Refineries May Foil IMO Aims to Cut SOx Emissions in Exhaust Gas

By George Backwell at January 31, 2011 00:31
Filed Under: General

'Refiners threaten anti-pollution efforts in shipping', blared the caption of a Reuters article by correspondents Kan and Fabi on 17, January 2011, then coincidentally, came news a couple of days later that Wärtsilä was to retrofit the Containerships Vll, 13,995 dwt,  (owned by Helsinki based Containerships Ltd.

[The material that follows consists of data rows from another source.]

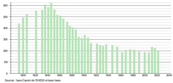 L'évolution du nombre d'habitants est connue à travers les recensements de la population effectués dans la commune depuis 1793. Pour les communes de moins de 10 000 habitants, une enquête de recensement portant sur toute la population est réalisée tous les cinq ans, les populations légales des années intermédiaires étant quant à elles estimées par interpolation ou extrapolation[18]. Pour la commune, le premier recensement exhaustif entrant dans le cadre du nouveau dispositif a été réalisé en 2006[19].
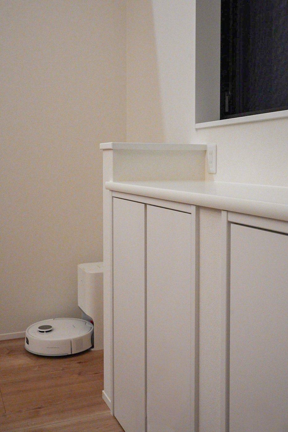 さらに印象的なのが、 階段下のデッドスペースを活用したロボット掃除機の基地です。 ただ収納するのではなく、 住まいの中で自然に収まりながら、必要なときにきちんと機能する場所として設計されています。
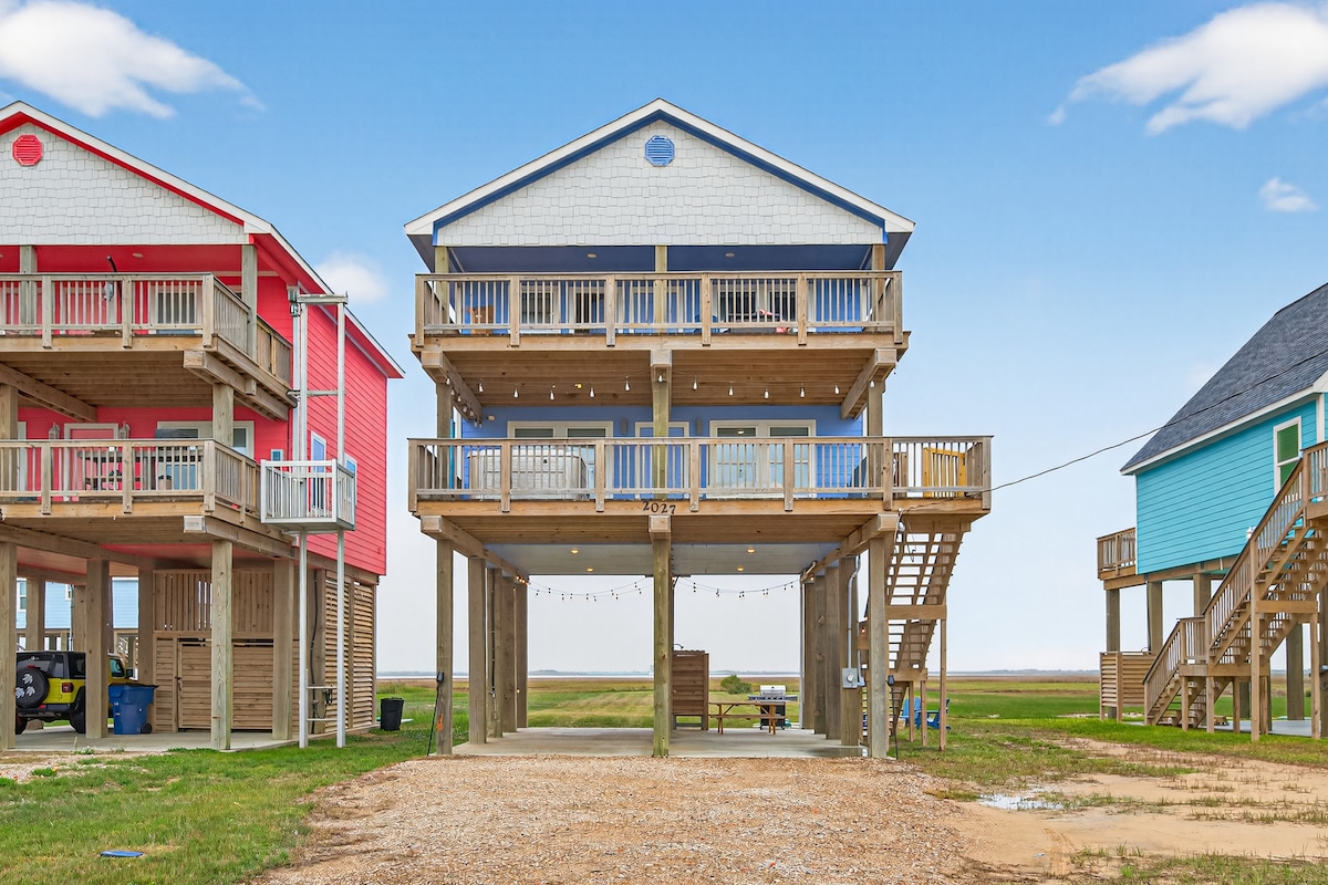NEW Beachfront Construction! Truly a Unicorn:🦄 LOCATION and LUXURY on SAND, and steps away from the best restaurant in Surfside (SEAHORSE)! Enjoy hammocks and games under the house. Charcoal grill. Climb the steps to an awesome shaded deck with views from San Luis Pass all the way to the Jetty! More than 180 degree unobstructed views! Bedrooms open to SunDeck and stargazing with fire 🔥 pit YouTube Beachfront Luxe for video. $125 clean fee and $75 for 2 pets will show in the total price quoted

OY) with their diesel engine exhaust-gas scrubber.

Wärtsilä's first ever installation of a commercial marine scrubber (to serve their W7L64 main diesel engine) is intended to enable the ship to meet impending targets for reduced exhaust gas emissions of SOx in Emission Control Areas's while continuing to burn diesel fuel with sulfur content above the set limits.

Containerships Vll: Photo Credit, Jens Boldt

Bunkers With Minimal Sulfur to Become Scarce?

Experts in the field pronounce that SOx emissions in diesel engine exhaust gas‚ which mostly comprise sulphur dioxide with a small amount of sulphur trioxide‚ are a function of the amount of sulphur in the fuel burnt and cannot be controlled by the combustion process. The essence of the Reuters article is that a consequence of reluctance by oil refineries to invest the billions of dollars needed for tooling up plant to meet demand for cleaner-burning marine fuels is likely to set back full and timely implementation of MARPOL Annex Vl.

Shortages of low suflur-content  diesel engine fuel (concurrent with an excessive market price) might be grounds for IMO's feasibility review (scheduled for 2018) to conclude that full implementation should be delayed for the default seven years until 2025

What are the options, if refiners were indeed to  fail to step up to the plate and deliver ?

Alternative  Fuels

LNG, LPG, and bio-fuels suggest themselves. Remi Eriksen, Chief Operation Officer at classification society Det Norske Veritas told a Singapore conference last week: "LNG is the best alternative we have from an environmental and financial point of view."

Others were less optimistic about the future of LNG as a fuel: Robin Meech, MD of U.K. Company, Marine and Energy Consulting considered LNG would make up only 5% of bunker use by 2025 due to the cost of retrofitting vessels to make use of it.

LPG is out of the reckoning for low and medium speed marine diesel engines. Bio-fuels tend not to figure on the agenda, as global depletion of harvests is thought to play in to food commodity supply shortages.

SOx Cleaning by Scrubbers
Depletion of SOx exhaust gas emission by means of scrubber technology (which brings exhaust gas flow into intensive contact with an alkaline fluid) allows lower grade bunkers to continue to be burnt, and development of marine scrubbers seems set to occupy the endeavours of R & D engineers of all the major engine manufacturers.

Negatives to be overcome concern the relatively large space taken up by scrubber plant; the treatment of contaminated waste water; and disposal of the sludge residues. Waste water has to be treated prior to discharge, and sludge held on board for discharge ashore.

Wärtsilä said in a news release on 19, January 2011 that their scrubber complies with the IMO guidelines for cleaning exhaust emissions from all 2 and 4-stroke engines and oil-fired boilers, and will include a water treatment process to enable purified waste discharge at sea.  Operational performance of Containerships Vll's scrubber is going to be closely followed.